Well, here was a person who needs compassion too:  Ravi.

In my last conversation with him, he brought me a set of papers where he had written rambling thoughts about JSK and HIV and vaccines, signing it off with his name - after having given himself the title 'Sir.'   He wanted my signature on it and an official stamp.   I declined.

I gently tried to tell him that until he actually does something, he should not label himself as such.   "I have dreams!" He said.  "I know I can become a scientist with Jesus' help.' I suggested that maybe Jesus did not want him to become a scientist - and that Ravi should listen to what Jesus wanted of him.   In our final evaluation of the course, there was precious little difference in what Ravi wrote and said - from what he wrote and said at the beginning of the training.

Where is Ravi now?  Probably back to his small town in rural Maharashtra.  

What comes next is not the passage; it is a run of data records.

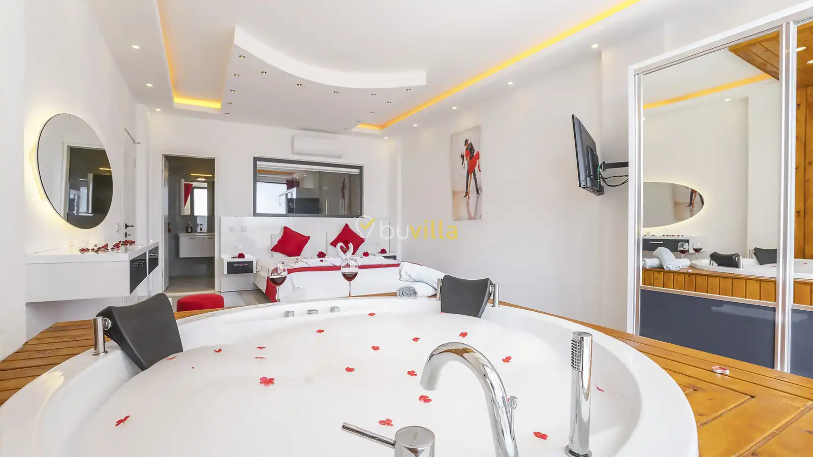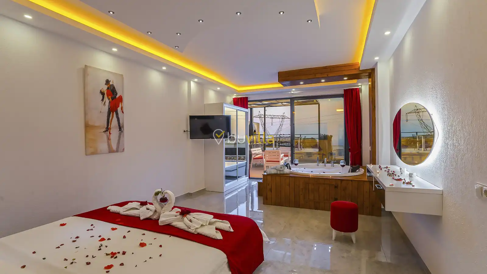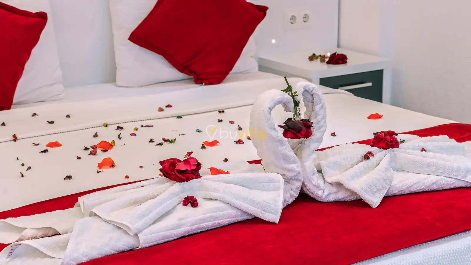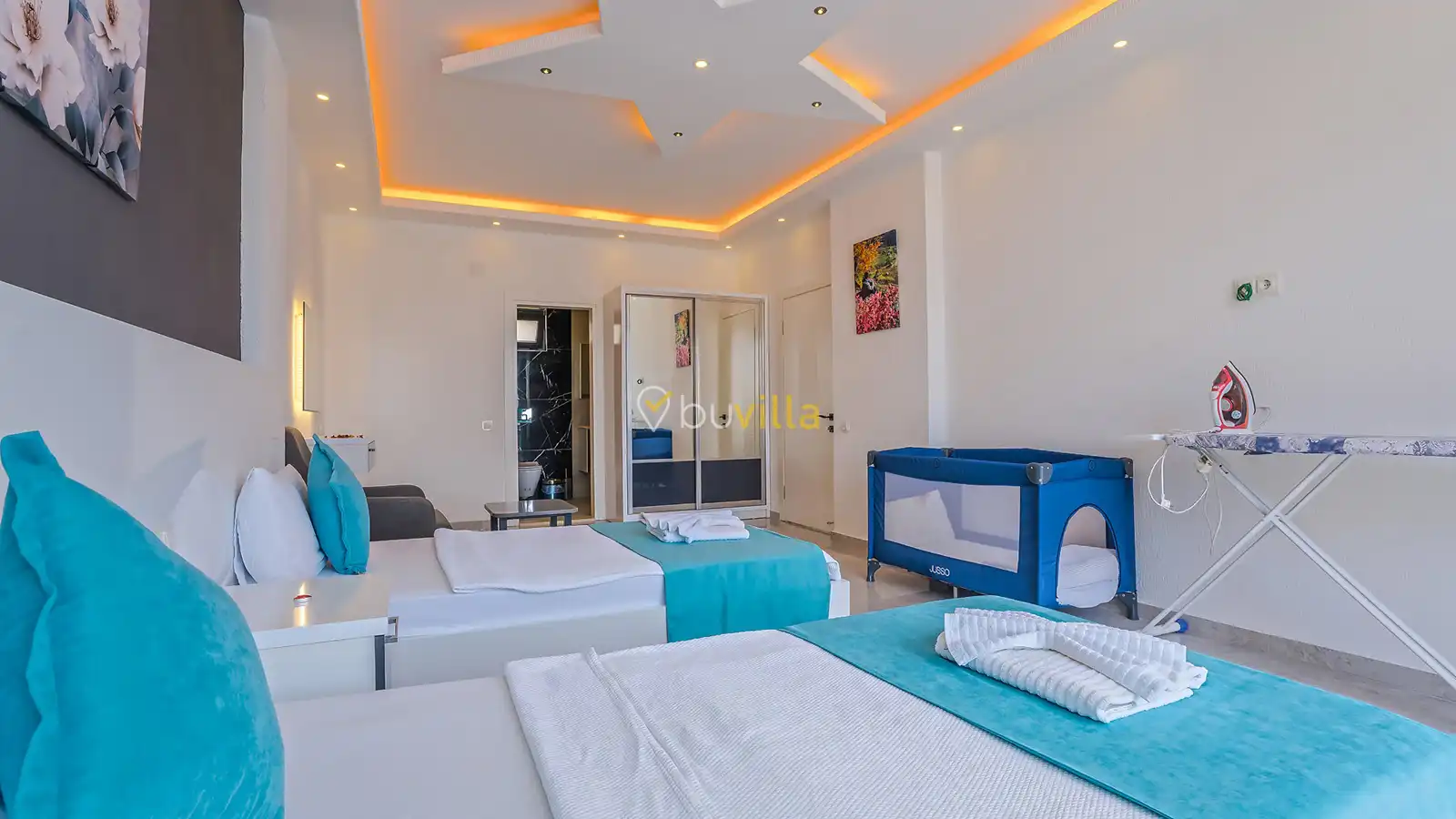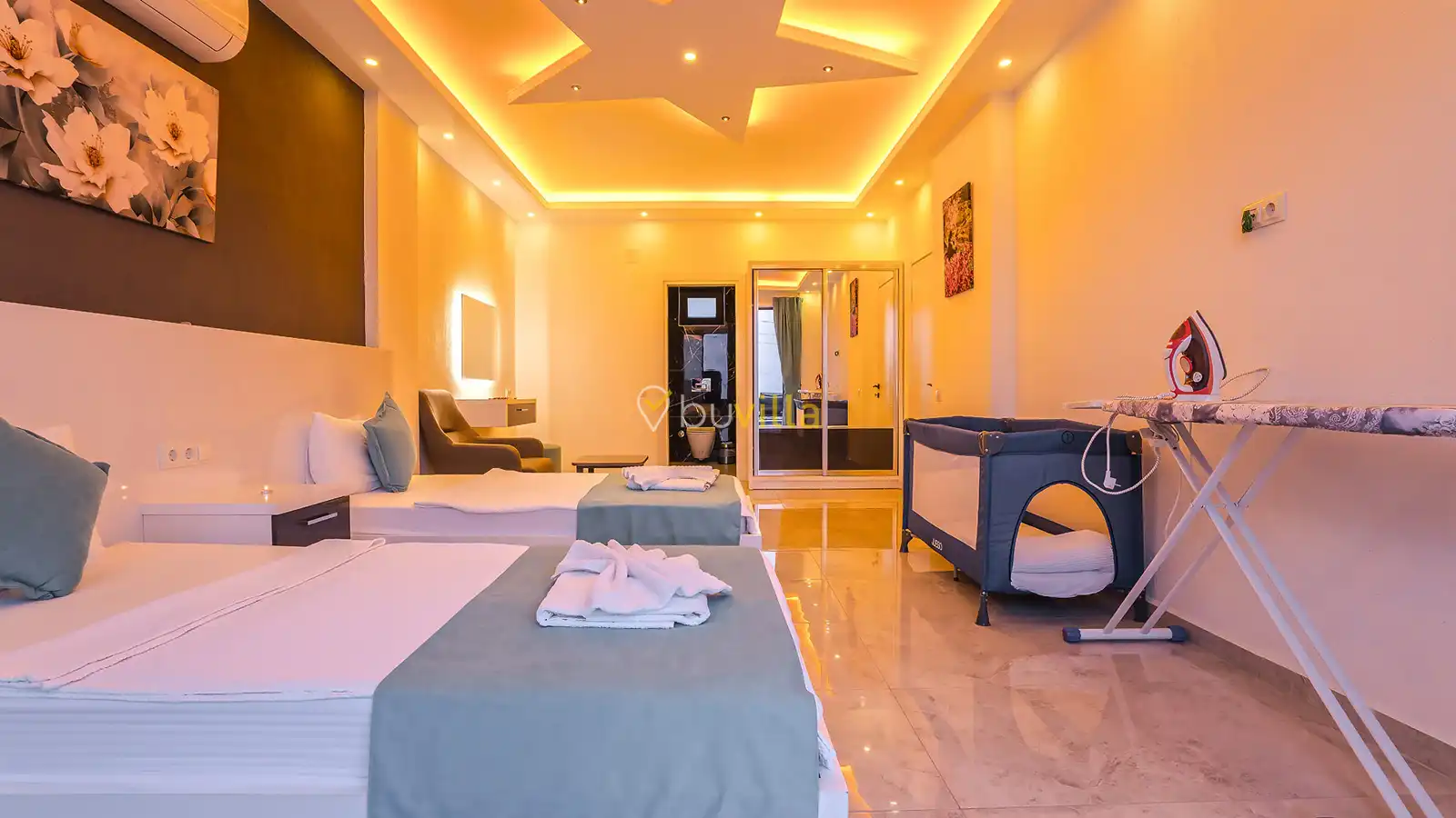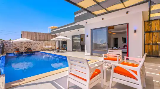 4 kişilik konaklama kapasitesine sahip olan villamız; 2 yatak odası, 3 yatak ve 2 banyo ile konforlu ve kullanışlı bir yaşam alanı sunmaktadır. Modern, estetik ve zarif detaylarla dekore edilen iç mekânı sayesinde, tatiliniz boyunca ev konforunu aratmayacak bir deneyim yaşayabilirsiniz.
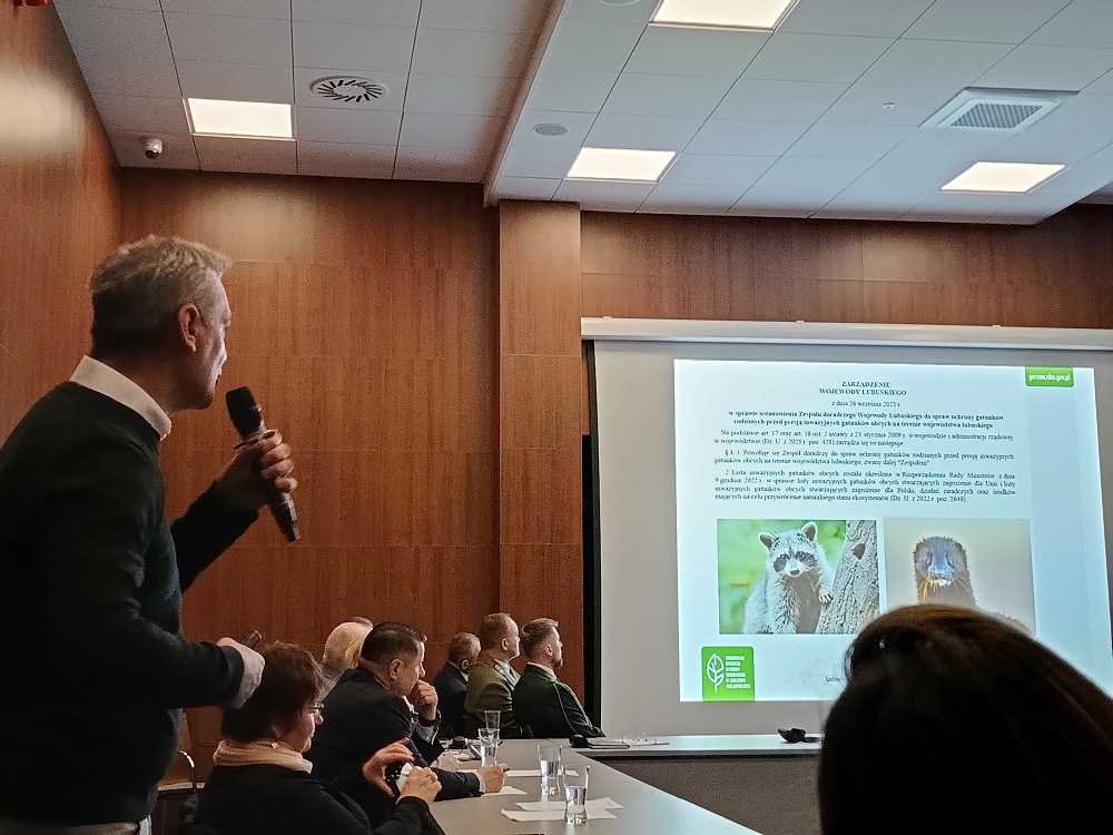 Spotkanie prowadził Remigiusz Wojtera - dyrektor Parku Narodowego „Ujście Warty”. Po powitaniu Wojewody Lubuskiego i pozostałych uczestników, głos zabrał Marek Cebula - Wojewoda Lubuski, wprowadzając zabranych gości w temat zagadnień związanych z IGO. W kolejnym wystąpieniu Michał Bielewicz - Regionalny Konserwator Przyrody w Gorzowie Wielkopolskim przedstawił zagadnienie inwazyjnych gatunków obcych (IGO), ze szczególnym uwzględnieniem obowiązujących procedur administracyjnych, a także zaprezentował działania podzespołu, któremu przewodniczy w zakresie przygotowywanej strategii dla woj. lubuskiego dotyczącej ochrony cennych obszarów przyrodniczych przed presją szopa pracza i norki amerykańskiej.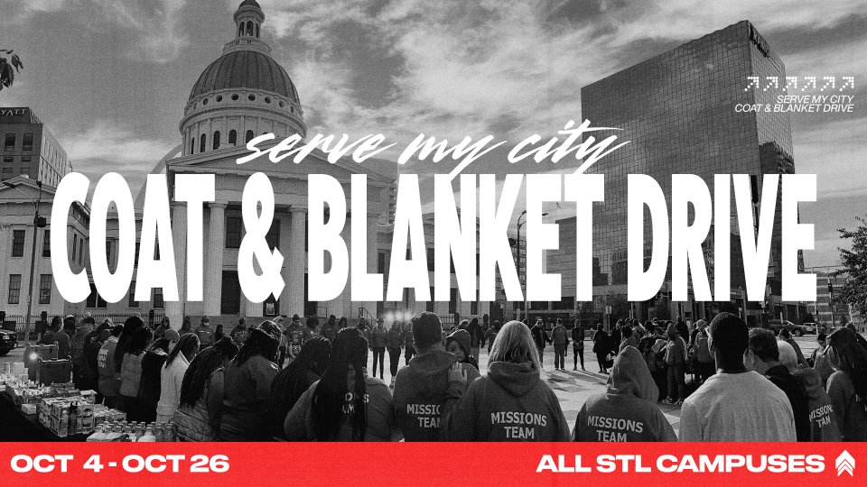 Help us keep families warm this winter! Between October 4th–26th, bring new or gently used coats, blankets, hats, gloves, socks, and shoes to any St. Louis Faith Church location. Please note: all items MUST be returned no later than October 26th so our team can prepare for distribution with Serve My City on November 1st.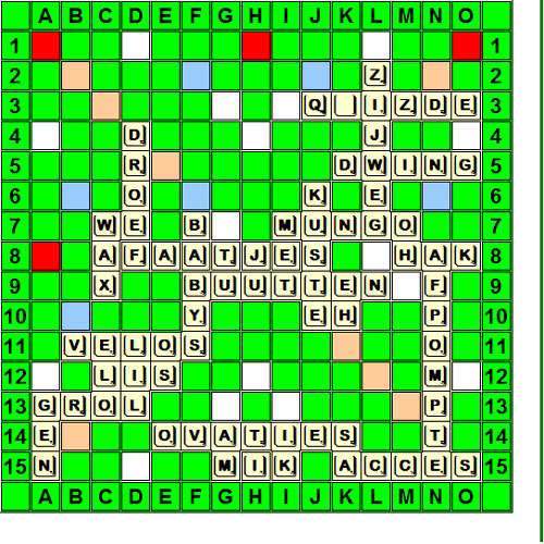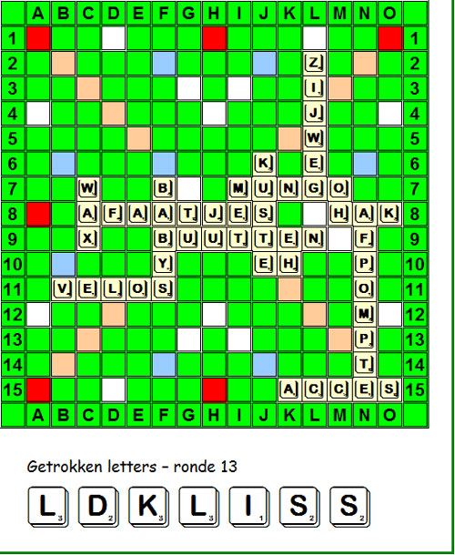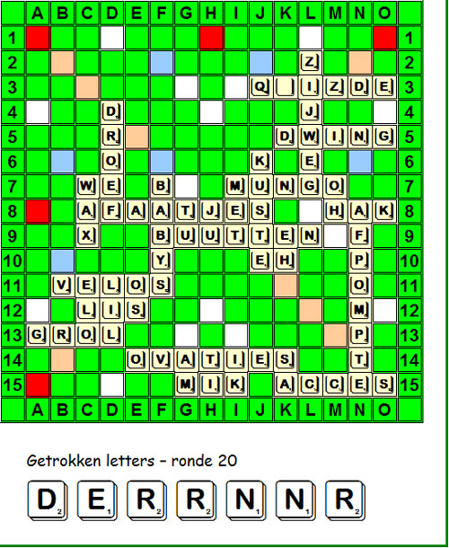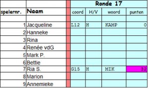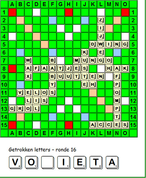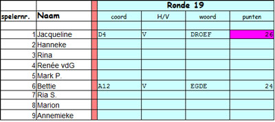 Jacqueline en Bettie hielden vol en stuurden ook deze week weer een woord in. Met de gegeven letters was het moeilijk een een woord te vinden, maar het lukte Bettie om de hoogste score te behalen. Zij legde op A13 V het woord GEN, dat 15 punten opleverde. Omdat dit de laatste ronde is, staan hieronder de woorden en de eindscore.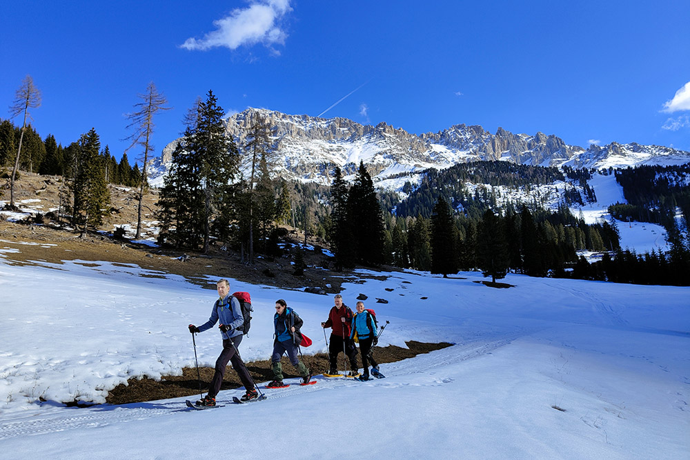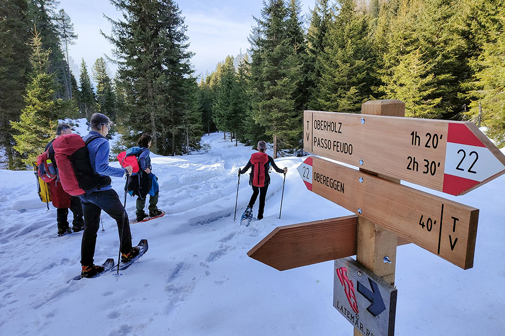L'escursione invernale con le ciaspole nella zona turistica di Obereggen, situata nella splendida Val d'Ega, è un'esperienza incantevole che offre un connubio perfetto tra la bellezza dei paesaggi montani e l'emozione dell'attività fisica nella neve.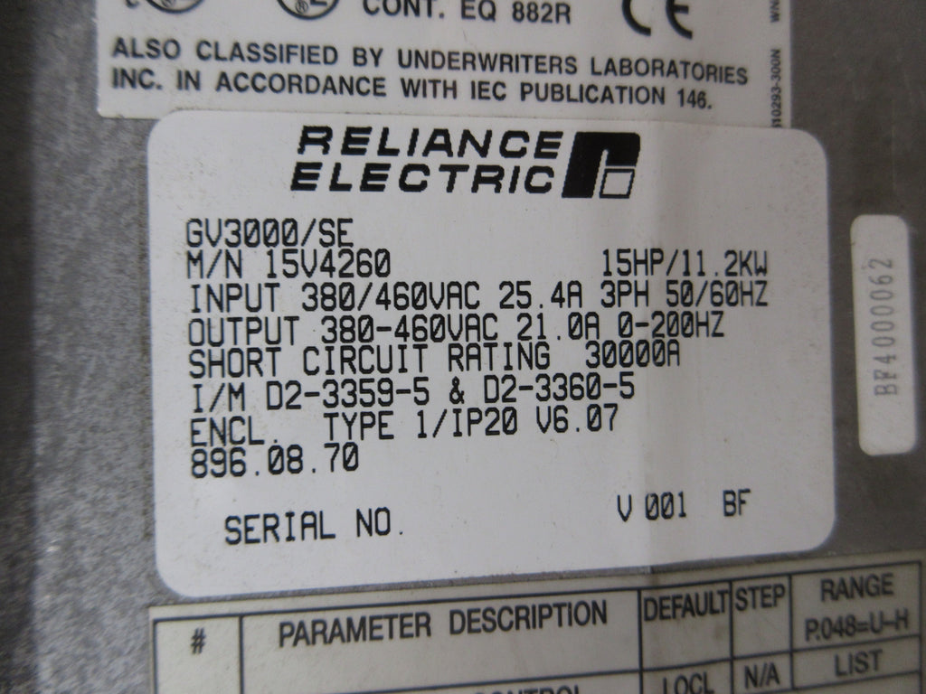 Reliance GV3000/SE AC Drive Part #: 15V4260 15 HP 3Ph Input: 380/460 VAC 25.4 A 50/60 Hz Output: 380-460 VAC 21 A 0-200 Hz Used Loc: AB11-8328 / AB24J2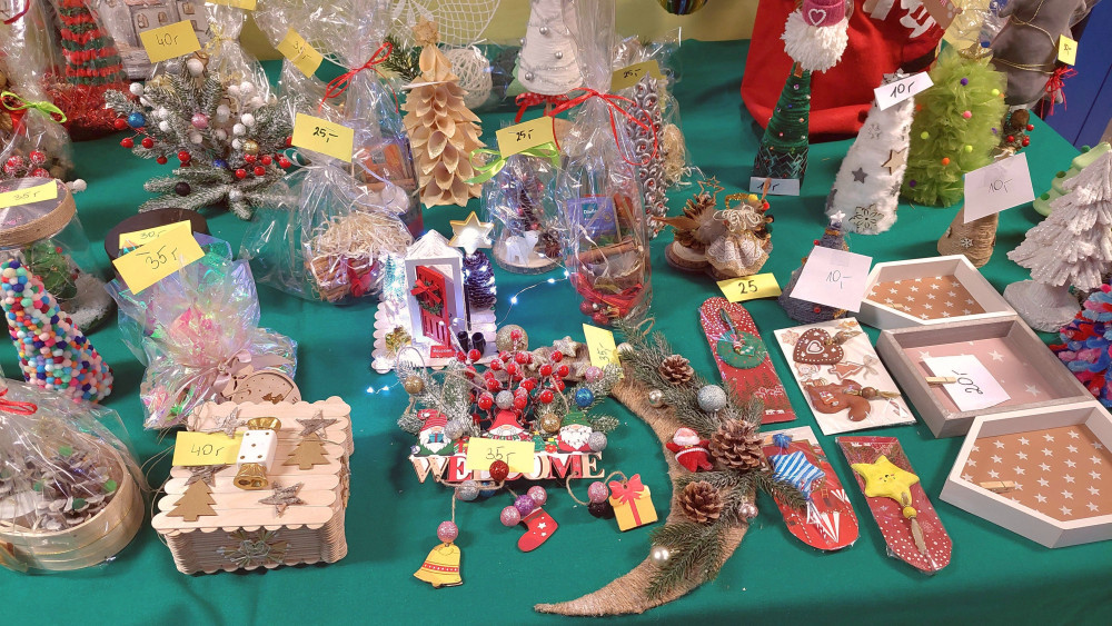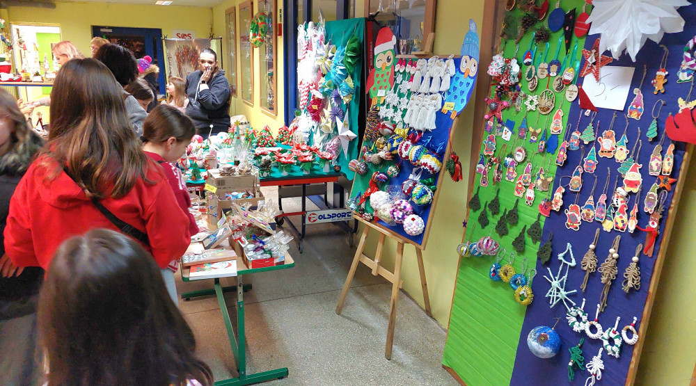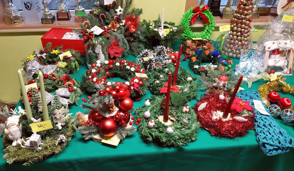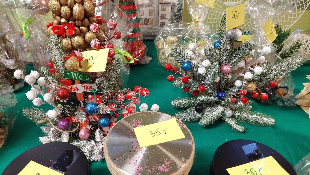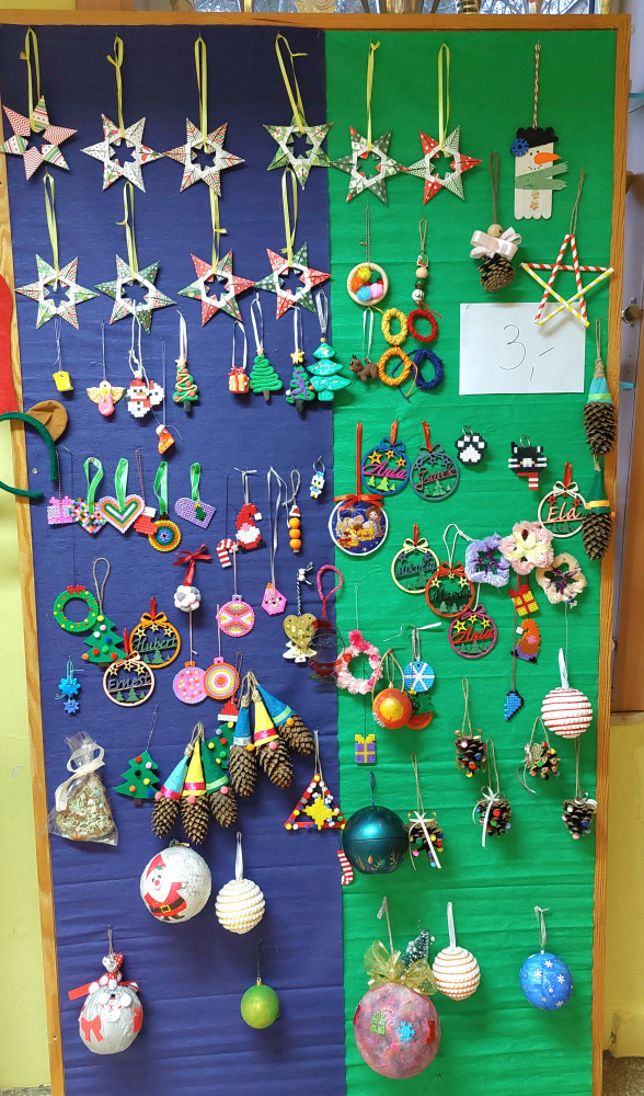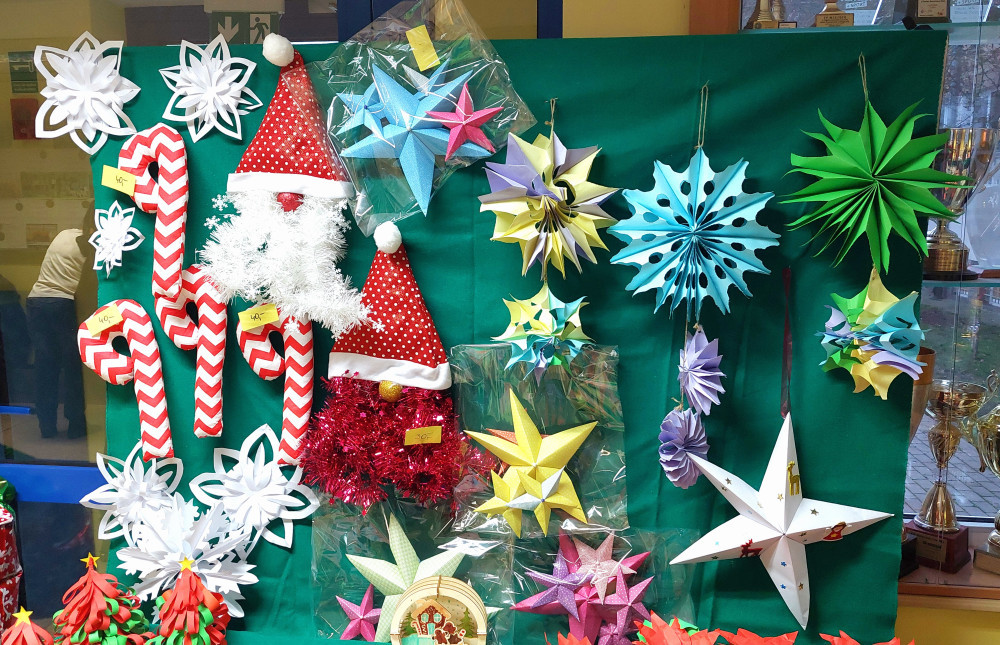 W tym dniu korytarz przy sali gimnastycznej zamienił się w świąteczną krainę bożonarodzeniowych ozdób. Na specjalnie przygotowanych stoiskach znalazły się stroiki, choinki, świeczniki oraz mnóstwo innych przepięknych ozdób choinkowych. Wszystkie dzieła były bardzo pomysłowe i kolorowe, ich autorzy wykazali się ogromną kreatywnością.

Is Ravi a crank, or is he expressing the desires of ambitious small-town guys who never had a crack at the big leagues?  Who did not have the love and care that I received.  Who did not have access to the schools and old-boys (and girls) networks that were rolled out for me?  Hard to say.

How to help people who don't realise they need help?  The limited time that we had available to talk individually during the hustle and bustle of the week of training did not seem to have too much impact on Ravi.

But maybe even those few words will bear seed in good soil.... and the prayers on behalf of Ravi will see a calming of his mind and real steps forward in his life.